Optimize for Tokens/GPU Throughput#

Learn how to use the NeMo Microservices Customizer to create a LoRA (Low-Rank Adaptation) customization job optimized for higher tokens/GPU throughput and lower runtime. In this tutorial, we’ll use LoRA to fine-tune a model and leverage sequence packing feature to improve GPU utilization and decrease fine-tuning runtime.

Note

The time to complete this tutorial is approximately 30 minutes. In this tutorial, you run a customization job. Job duration increases with the number of model parameters and the dataset size.

Prerequisites#

  • SQuAD dataset uploaded to NeMo MS Datastore and registered in NeMo MS Entity Store. Refer to the LoRA model customization tutorial for details how to upload and register the dataset.

  • (Optional) Weights & Biases account and API key for enhanced visualization.


Create LoRA Customization Jobs#

For this tutorial, you must create two LoRA customization jobs: one with sequence_packing_enabled set to true and another with the same field set to false.

Tip

For enhanced visualization, it’s recommended to provide a WandB API key in the wandb-api-header HTTP header. Remove wandb-api-header from the request if the WANDB_API_KEY is not set.

  1. Create the customziation job with sequence packing enabled:

    export WANDB_API_KEY=<YOUR_WANDB_API_KEY>
    
    curl --location \
    "https://${CUST_HOSTNAME}/v1/customization/jobs" \
    --header "wandb-api-key: ${WANDB_API_KEY}" \
    --header 'Accept: application/json' \
    --header 'Content-Type: application/json' \
    --data '{
        "config": "meta/llama-3.1-8b-instruct",
        "dataset": {
            "name": "test-dataset"
        },
        "hyperparameters": {
            "sequence_packing_enabled": true,
            "training_type": "sft",
            "finetuning_type": "lora",
            "epochs": 10,
            "batch_size": 32,
            "learning_rate": 0.00001,
            "lora": {
                "adapter_dim": 16
            }
        }
    }' | jq
    
  2. Note the customization_id. It will be needed later.

  3. Create another customization job with sequence packing disabled:

    export WANDB_API_KEY=<YOUR_WANDB_API_KEY>
    
    curl --location \
    "https://${CUST_HOSTNAME}/v1/customization/jobs" \
    --header "wandb-api-key: ${WANDB_API_KEY}" 
    --header 'Accept: application/json' \
    --header 'Content-Type: application/json' \
    --data '{
        "config": "meta/llama-3.1-8b-instruct",
        "dataset": {
            "name": "test-dataset"
        },
        "hyperparameters": {
            "sequence_packing_enabled": false,
            "training_type": "sft",
            "finetuning_type": "lora",
            "epochs": 10,
            "batch_size": 32,
            "learning_rate": 0.00001,
            "lora": {
                "adapter_dim": 16
            }
        }
    }' | jq
    
  4. Note the customization_id. It will be needed later.

Monitor LoRA Customization Jobs#

Use the customization_id from each job to make a GET request for status details.

curl ${CUST_HOSTNAME}/v1/customization/jobs/${customizationID}/status | jq

The response includes timestamped training and validation loss values. The expected validation loss for both jobs should be similar.

View Jobs in Weights & Biases#

To enable W&B integration, include your WandB API key when creating a customization job in the call header.

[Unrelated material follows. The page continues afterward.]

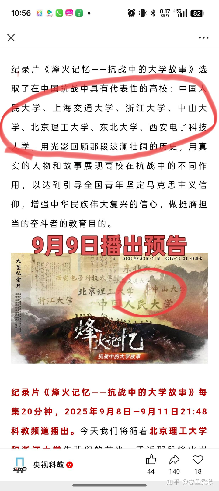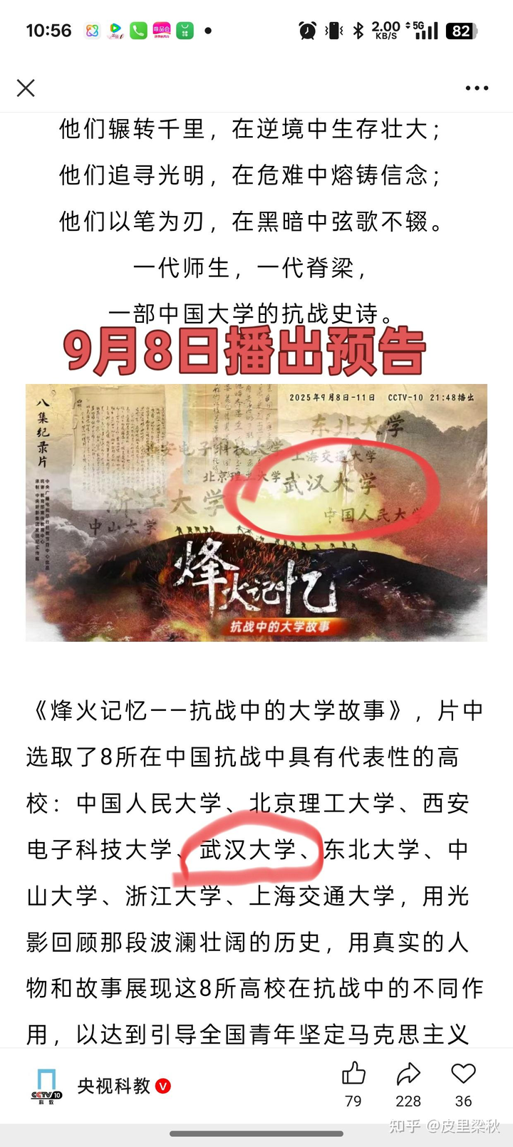 20、2025/9/9 央视原定八集的科教纪录片《烽火记忆——抗战中的大学故事》删去武汉大学单元集,变成了7集,本该一天两集的放映在原定武大上映那天只放映一集,网友怒气爆满、持续攻击中。
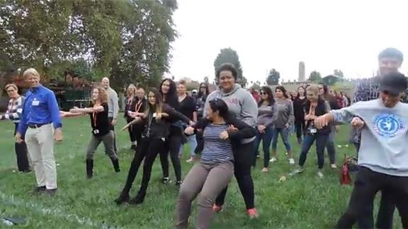 A total of 87 people from Five Acres participated in a trust fall relay. They set the record in celebration of National Adoption Awareness Month and to raise awareness about foster care and adoption.

Then view your results at wandb.ai under the nvidia-nemo-customizer project.

Validation Loss Curves#

The expected validation loss curves should match closely for both jobs. W&B chart - val_loss

Sequence packed version should complete significantly faster. W&B chart - runtime

GPU Utilization#

Sequence packed version should have a higher GPU utilization. W&B chart - gpu utilizaiton

GPU Memory Allocation#

Sequence packed version should have a higher GPU Memory Allocation. W&B chart - gpu memory

Sequence Packing Statistics#

Sequence packing statistics can be found under run config. W&B chart - sequence packing stats

Note

The W&B integration is optional. When enabled, we’ll send training metrics to W&B using your API key. While we encrypt your API key and don’t log it internally, please review W&B’s terms of service before use.

Next Steps#

Now that you have created an optimized customization job, you can evaluate the output using NeMo Microservices Evaluator.